Because the decoder must know the coefficients for each of the block modes, there is a tradeoff between how well we can predict the values in $y$ (number of block modes) with decoder complexity. Our hypothesis is that the optimal number of block modes will correspond to how closely we can fit different geometries inside the block. For 4x4 blocks, this might correspond to a mode for each of the 8 cardinal directions (ask Jason to clarify) with larger blocks potentially supporting a larger number of directions. In addition, we would like to support the DC and True Motion modes from WebM/VP8 as they are often the best fit. For common video sequences, anywhere from 20% to 45% of the intra frames use the True Motion mode [1].

This is slightly complicated by the fact that our coefficients are not in the time-domain, but are the result of a lapped transform, see TDLT. In practice all of these modes have an equivalent in the frequency domain. As a starting point, we are using the 10 modes from Theora to classify the blocks from a set of sample images. Each category of blocks will be used to construct a set of predictors $\beta$ which is then used to reclassify the blocks based on Sum of Absolute Transform Differences (SATD). Tim suggested weighting each blocks contribution based on SATD_bestfit-SATD_nearest.

$L^{2}$ -norm

Suppose for some mode we have $n$ blocks. We can then construct the matrices $X$ and $Y$ where the ith row of each contains the zero-mean values from the ith block.

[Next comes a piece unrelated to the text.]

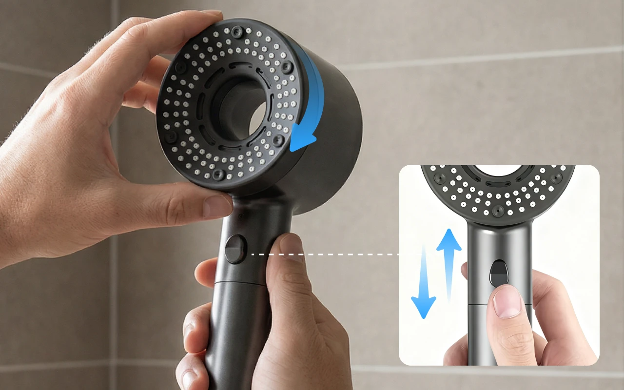 Přepínejte režimy nebo zastavte proud pouhým jedním pohybem. Každý si najde své dokonalé nastavení během vteřiny se sprchovou hlavicí Ortorex.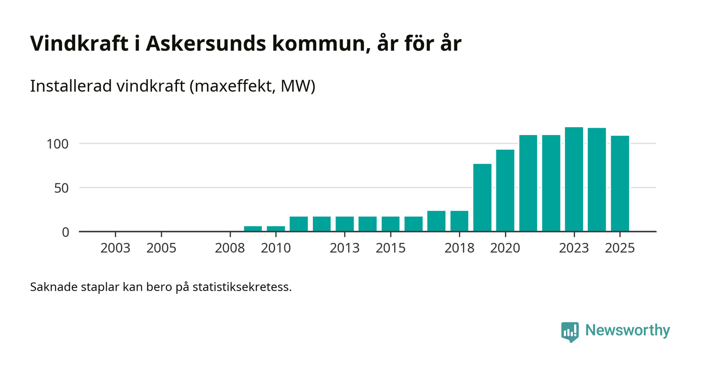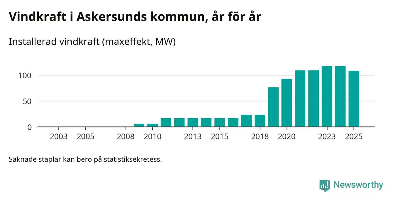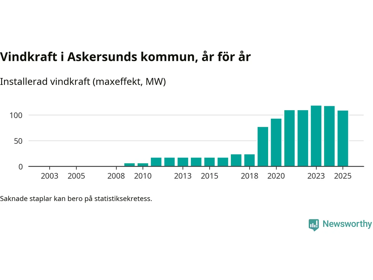 Totalt fanns i slutet av förra året 35 vindkraftverk i Askersunds kommun, med en sammanlagd maxeffekt på 108 megawatt. Det är en minskning med nio megawatt 1, jämfört med året innan. Det visar nya siffror från Energimyndigheten.

$X={\begin{pmatrix}x_{1,1}-{\bar {x_{1}}}&x_{1,2}-{\bar {x_{2}}}&\cdots &x_{1,m}-{\bar {x_{m}}}\\x_{2,1}-{\bar {x_{1}}}&x_{2,2}-{\bar {x_{2}}}&\cdots &x_{2,m}-{\bar {x_{m}}}\\\vdots &\vdots &\ddots &\vdots \\x_{n,1}-{\bar {x_{1}}}&x_{n,2}-{\bar {x_{2}}}&\cdots &x_{n,m}-{\bar {x_{m}}}\end{pmatrix}}$

$Y={\begin{pmatrix}y_{1,1}-{\bar {y_{1}}}&y_{1,2}-{\bar {y_{2}}}&\cdots &y_{1,l}-{\bar {y_{l}}}\\y_{2,1}-{\bar {y_{1}}}&y_{2,2}-{\bar {y_{2}}}&\cdots &y_{2,l}-{\bar {y_{l}}}\\\vdots &\vdots &\ddots &\vdots \\y_{n,1}-{\bar {y_{1}}}&y_{n,2}-{\bar {y_{2}}}&\cdots &y_{n,l}-{\bar {y_{l}}}\end{pmatrix}}$

In the case of 4x4 blocks, $m=48$ and $l=16$ . Let $C=X^{T}X$ and $D=X^{T}Y$ . Then $\beta =C^{-1}D$ .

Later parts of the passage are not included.